Conformation in the cyclotriveratrylene series

Abstract

Oxidation of cyclotriveratrylene (CTV) with chromic acid gives cyclotriveratrylen-5-one (3) accompanied by some cyclotriveratrylen-5,10,15-trione (9), which is formed in higher yield by similar oxidation of the monoketone. The ketone (3) is converted into the corresponding secondary alcohol (4) by hydride reduction and into the tertiary carbinol (6) by methyl-lithium. The latter alcohol easily loses water to form the 5-methylene derivative (7); the isopropyl analogue cannot be isolated, since it spontaneously dehydrates to the 5-isopropylidene derivative (8).

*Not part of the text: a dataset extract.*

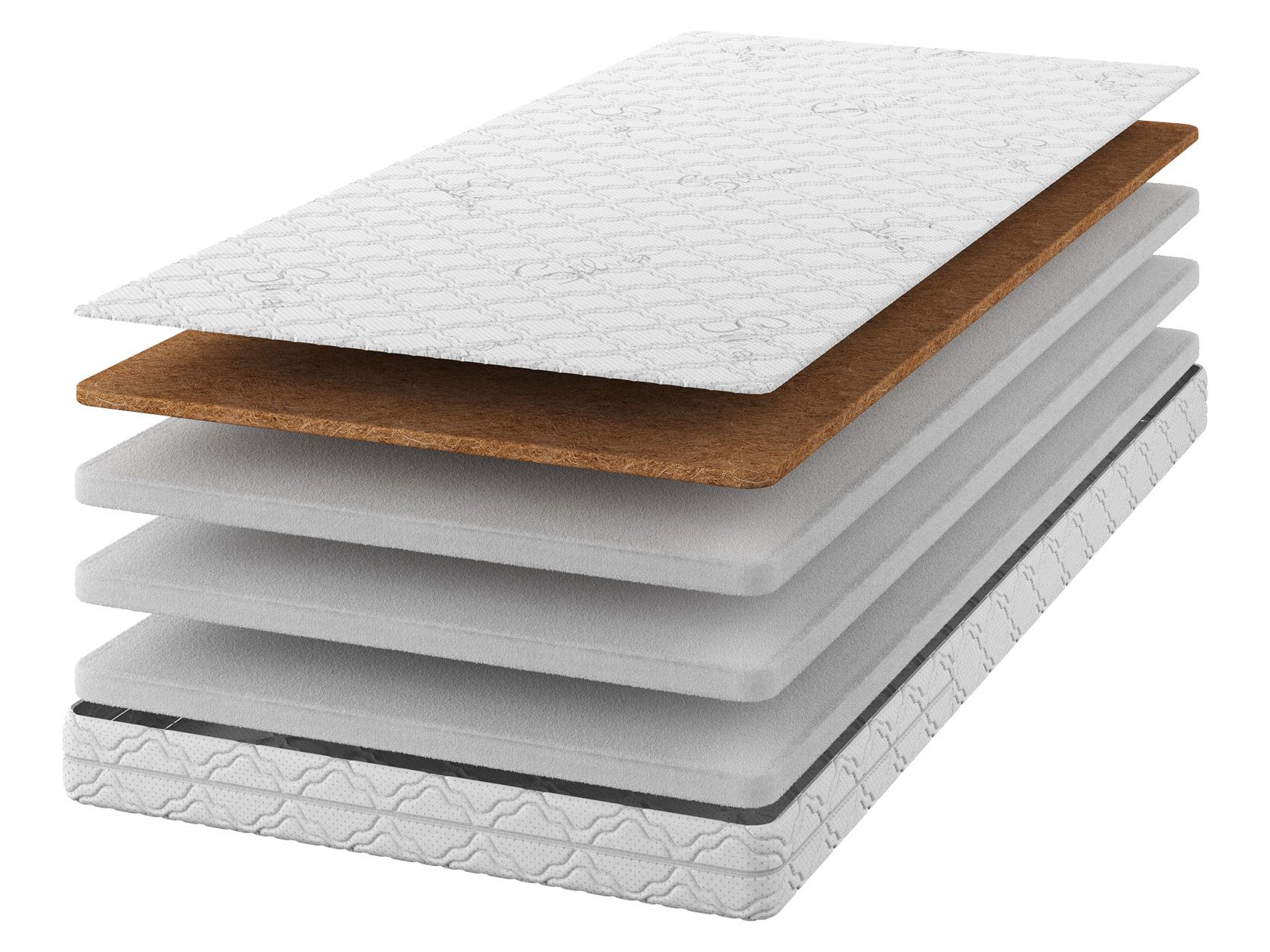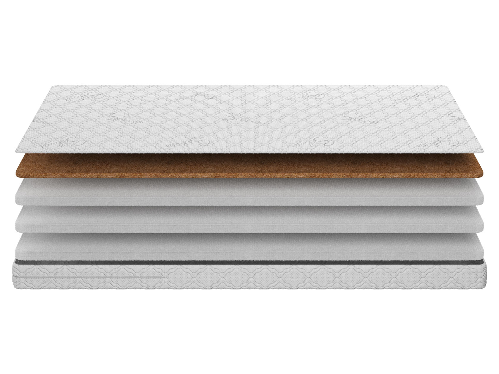 Детский матрас Струтто с кокосом — двусторонняя модель со съемным стеганым чехлом. Слой кокоса обеспечивает необходимую для формирования осанки жесткость, а упругие волокна с другой стороны матраса легко адаптируются под контуры тела, обеспечивая комфорт.

The relative stabilities of the various possible conformations of the ring system, and their rates of interconversion when more than one is observable, depend on repulsion between non-bonded atoms, ring-strain, and (when C-5 is trigonal) conjugation. The conformations have been established by ¹H n.m.r., i.r., and u.v. spectra. CTV itself exists only in the ‘crown’ conformation (A); the ¹H n.m.r. spectrum remains unchanged up to 200°. The ‘crown’ conformation with pseudo-equatorial OH is also the most stable one for the secondary alcohol (4): both the labile secondary alcohol (5), isolated by reduction of the ketone (3), and the methyl carbinol (6) exist in the ‘flexible’ form (C).

In the compounds with C-5 trigonal, conjugation, which is not possible in the ‘crown’ conformation, also plays a part, so that the ketone (3) adopts only the ‘flexible’ conformation (B) with C₂ symmetry and an enlarged C–CO–C angle. In the less highly conjugated methylene derivative the ‘crown’ conformation (A) also occurs, although the ‘flexible’ one (B) still predominates (K= 3·2). The two conformers equilibrate slowly at room temperature. The isopropylidene derivative (8), however, exists predominantly in the ‘crown’ conformation.

In the presence of dilute acid both the ‘crown’ and ‘flexible’ alcohols react with ethanol to give the ethyl ethers; the rate for the latter is at least 6 × 10⁴ times faster. That the ‘crown’⇌‘flexible’ conformational equilibrium for the intermediate carbonium ion is faster than its chemical reaction and lies, like that of the ketone (3), on the side of the flexible form is indicated by the fact that the flexible ether (12) is the primary product of etherification of both the alcohols (4 and 5).